Research Topics, Results and Reports
Replicated experiments have been conducted since 2010 under field conditions at the Cornell University research facility on Long Island. Plots were single beds with one or two staggered rows of basil at 9-inch plant spacing. Naturally-occurring inoculum was relied on. Fungicides were applied with a backpack sprayer beginning before or after symptoms were found in the field, which included basil planted before the experiments to serve as a spreader row.
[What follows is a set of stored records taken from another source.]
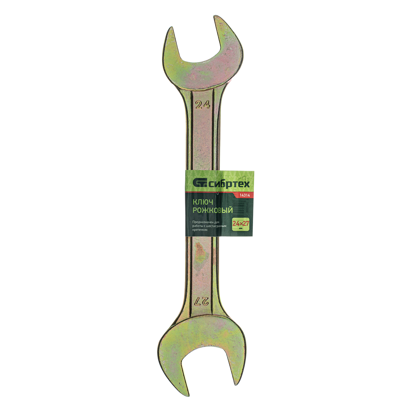 Ключ рожковый, 24 х 27 мм, желтый цинк Сибртех в Воронеже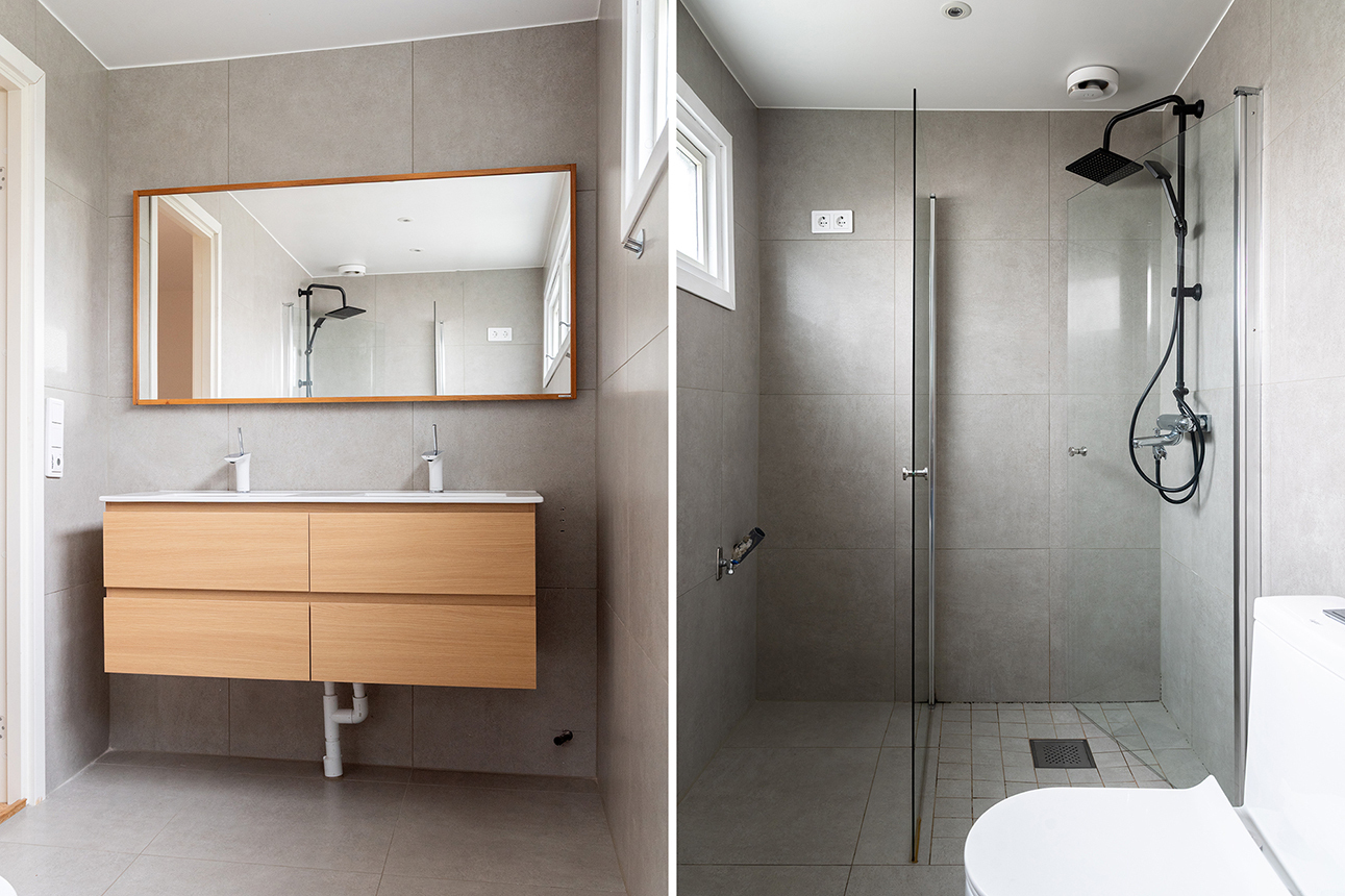 Badrum - Det helkaklade badrummet är utrustat med wc, dusch och dubbelt handfat med kommod. Badrummet är uppfräschat 2025. Det är stilrent i utförandet med grå kakel och klinker.
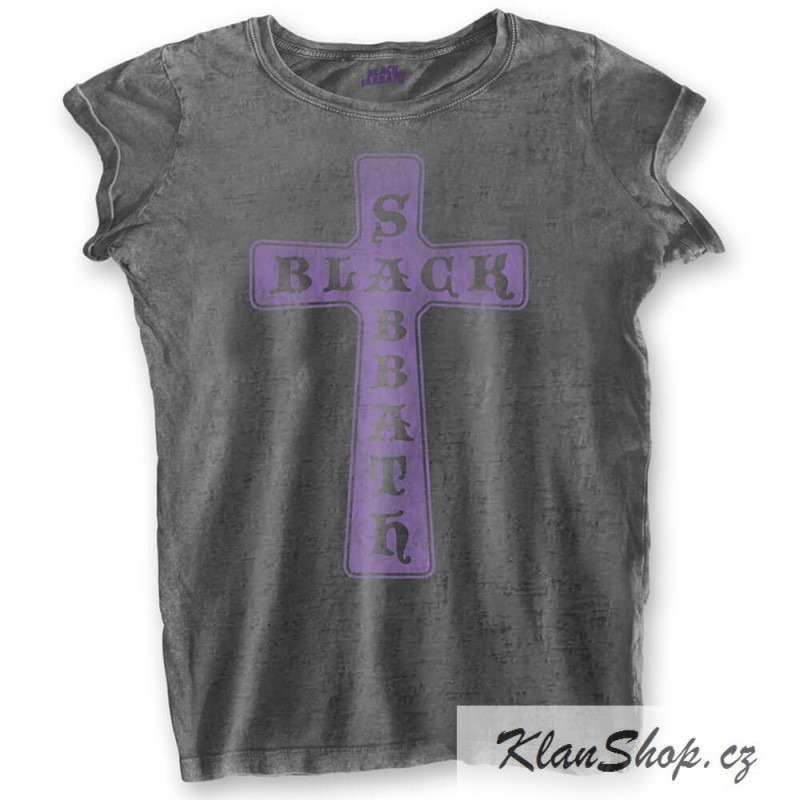 Dámské šedé tričko s krátkým rukávem Black Sabbath Vintage Cross.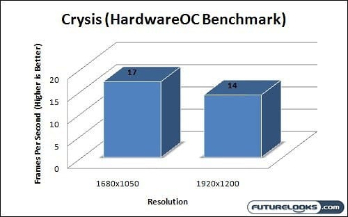So we’ve established that the onboard video isn’t the greatest, but we still need to see how this motherboard pans out in some real world game titles. We pushed forward with a couple of DX10 benchmarks, using the discrete video card chosen for our test bed throughout these final tests. First up was a run through on Crysis, using the HardwareOC benchmark program. We did 3 passes on the GPU specific tests, and tested the two major resolutions found on modern widescreen monitors.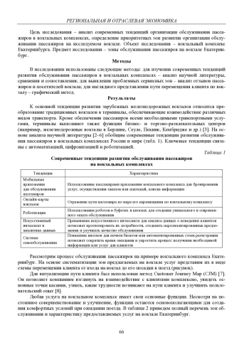 В настоящее время продолжается активное развитие железнодорожных вокзалов с целью их превращения в современные транспортно-пересадочные узлы с развитой общественно-деловой функцией, направленной на удовлетворение многообразных потребностей всех категорий клиентов ОАО «РЖД». В статье представлены результаты анализа современных тенденций организации обслуживания пассажиров в вокзальных комплексах и определены приоритетные направления совершенствования сервисных зон на вокзалах
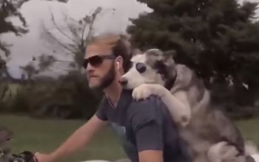 Увлекательное видео появилось на днях в социальных сетях - на кадрах видно как молодой человек рассекает на байке, а за спиной него сидит хаски в очках, которому, судя по всему, поездка очень нравится.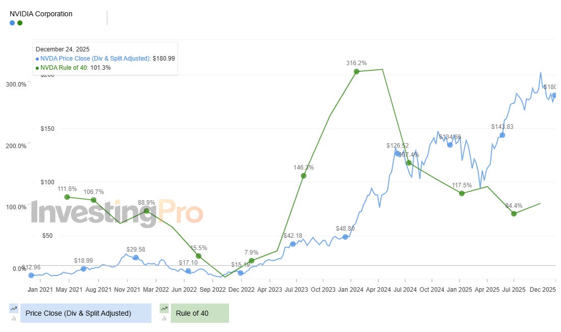 在 InvestingPro 中,Rule of 40 被轉換為可視化時間序列,這是非常重要的功能。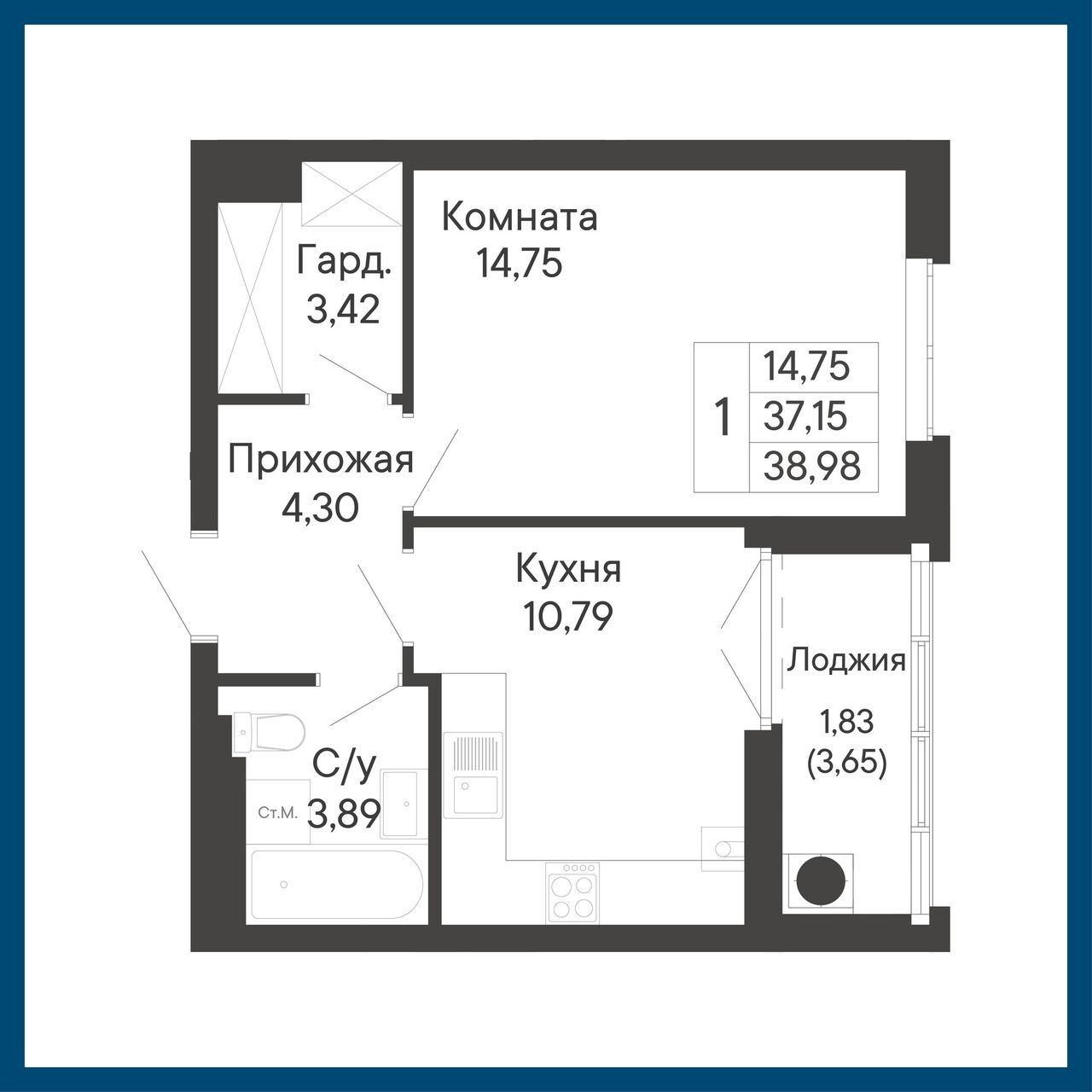 1-комнатная — 38,98 м² 4/8 эт. в Ривьера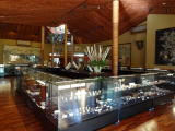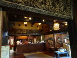 | 「本陣」の重厚な木造りの自動ドアを抜けると神社仏閣のような彫刻欄間に囲まれたロビーが現れます。「武尊乃湯」に向かう途中には古民具や鎧兜、印籠ほか様々なコレクションが展示されている「時代もの展示処」があります。 |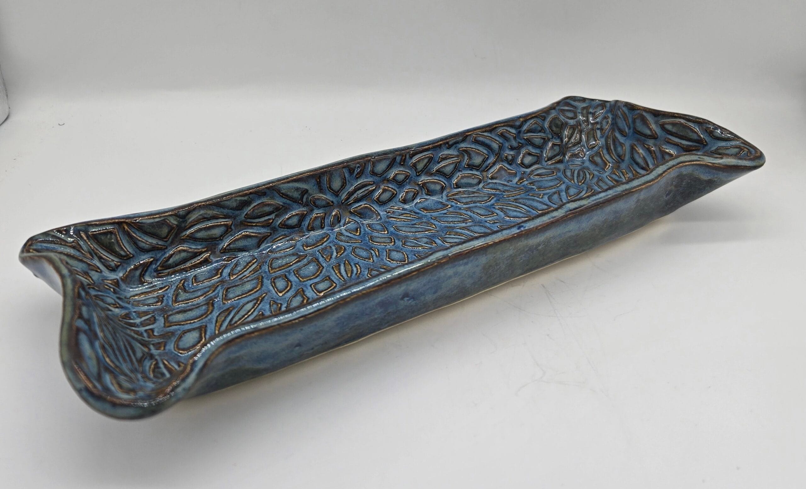 Blue/Brown Leaf Textured Rectangular Deep Dish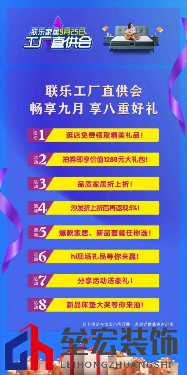 超值家具任意購(gòu) 八重盛惠驚喜連連 2022年9月25日,聯(lián)樂工廠直供節(jié),八重盛“惠”精彩不斷,福利多多。 【樂享禮遇】逛店免費(fèi)領(lǐng)取精美禮品 活動(dòng)期間到武漢市內(nèi)任意一家聯(lián)樂專賣店,可免費(fèi)領(lǐng)取精美地墊一個(gè)。數(shù)量有限,送完即止。 【樂享大禮包】29.9 元拍券即享價(jià)值 1288 元大禮包 凡在聯(lián)樂小程序上以 29.9 元拍到本次活動(dòng)優(yōu)惠券的顧客,即可獲得價(jià)值 1288 元豪華大禮包,包含加厚奶鍋一個(gè)、家居除螨服務(wù)及無門檻現(xiàn)金劵。 【樂享折扣】購(gòu)正價(jià)商品享受折上折 活動(dòng)期間如購(gòu)正價(jià)商品,在正常市場(chǎng)折扣的基礎(chǔ)上再享額外折扣。 【樂享返現(xiàn)】購(gòu)沙發(fā)折后再返現(xiàn) 活動(dòng)期間購(gòu)聯(lián)樂床具商品后再購(gòu)買正價(jià)沙發(fā)商品,則正價(jià)沙發(fā)在享受完折上折之后,可再返現(xiàn)。 【樂享爆款套餐】爆款和套餐限量搶購(gòu) 活動(dòng)期間限量推出多款床具沙發(fā)爆款和套餐,限時(shí)搶購(gòu)。價(jià)格驚艷眼球,搶到就是賺到。 【樂享 hi 現(xiàn)場(chǎng)】hi 現(xiàn)場(chǎng)贏取獎(jiǎng)品 活動(dòng)當(dāng)天開啟多輪 hi 現(xiàn)場(chǎng)游戲互動(dòng),取勝免費(fèi)贏取獎(jiǎng)品,家居用品、電器等享不停。 【樂享分享禮】分享送豪禮 活動(dòng)期間成交的顧客,總繳款額滿一定金額后,分享指定活動(dòng)內(nèi)容至朋友圈或小區(qū)群,憑截圖可獲家電豪禮。 【樂享好運(yùn)氣】抽床墊大獎(jiǎng) 活動(dòng)期間成交的顧客可獲抽獎(jiǎng)券參與抽獎(jiǎng),免費(fèi)床墊大獎(jiǎng)等您抽取。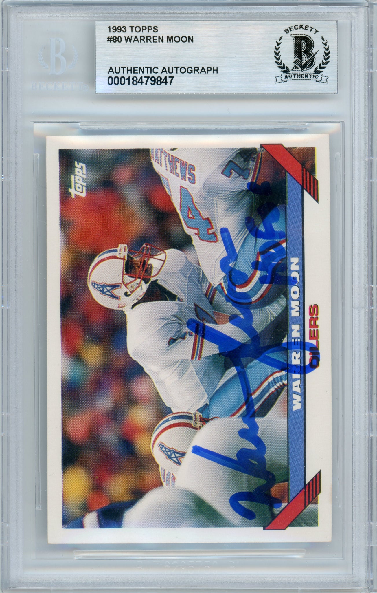 1993 Topps #80 Warren Moon w/ "HOF" Houston Oilers BGS Autograph sports trading card, hand signed by Warren Moon and graded by Beckett Grading Services. (BGS) We appreciate your interest in our items, and we hope that we can make all transactions professional and satisfying.

A boom with a single (TJ60-4004EVS) nozzle delivering spray to the top of plants was used in 2010 and 2011. Starting in 2012, this boom was used for the first applications until basil plants were large enough to use a boom with two drop nozzles directed to the side of plants as well as a nozzle delivering spray over the top of the plant. This boom was used to improve coverage achieved with a single nozzle directed to the top of plants. Most fungicide treatments were applied on a weekly schedule. Percent affected leaves (with sporulation of the pathogen visible on the underside) was assessed rather than severity (except in 2010) because any amount of symptoms renders a leaf unmarketable.
Fungicide Evaluations – Conventional Products – When tested singly, the most effective fungicides in the 2013 experiment were Zampro*, Revus, Orondis (pka Zorvec)*, and Ranman (*not registered yet). ProPhyt was effective in 2013 but not 2012 when another phosphorous acid fungicide, K-Phite, also was ineffective. Presidio was ineffective. Only Orondis and Zampro were effective in the 2012 experiment. Revus was ineffective in 2010 and 2011 when a single-nozzle boom was used. Limited efficacy detected in these experiments is at least partly due to the stringent assessment used: when assessing percent leaves affected, the severity of disease on the leaves is not taken into considered in the assessment. Best control (90-100%) was obtained with combination programs that were applied on a preventive, weekly schedule using a boom with drop nozzles in 2014 and also 2015 (2015a report). The programs included Ridomil, Quadris, Ranman, Revus, and K-Phite or Quadris, Ranman, Revus, and Orondis. K-Phite was applied at lowest label rate with all applications of the other fungicides based on the current opinion that this is the best use pattern for phosphorous acid fungicides. Many of these fungicides in different combinations in another experiment provided poor control at least partly due to an unintended lapse in the spray schedule with 13 days between applications and rainfall 9 days after the previous application (2015b report).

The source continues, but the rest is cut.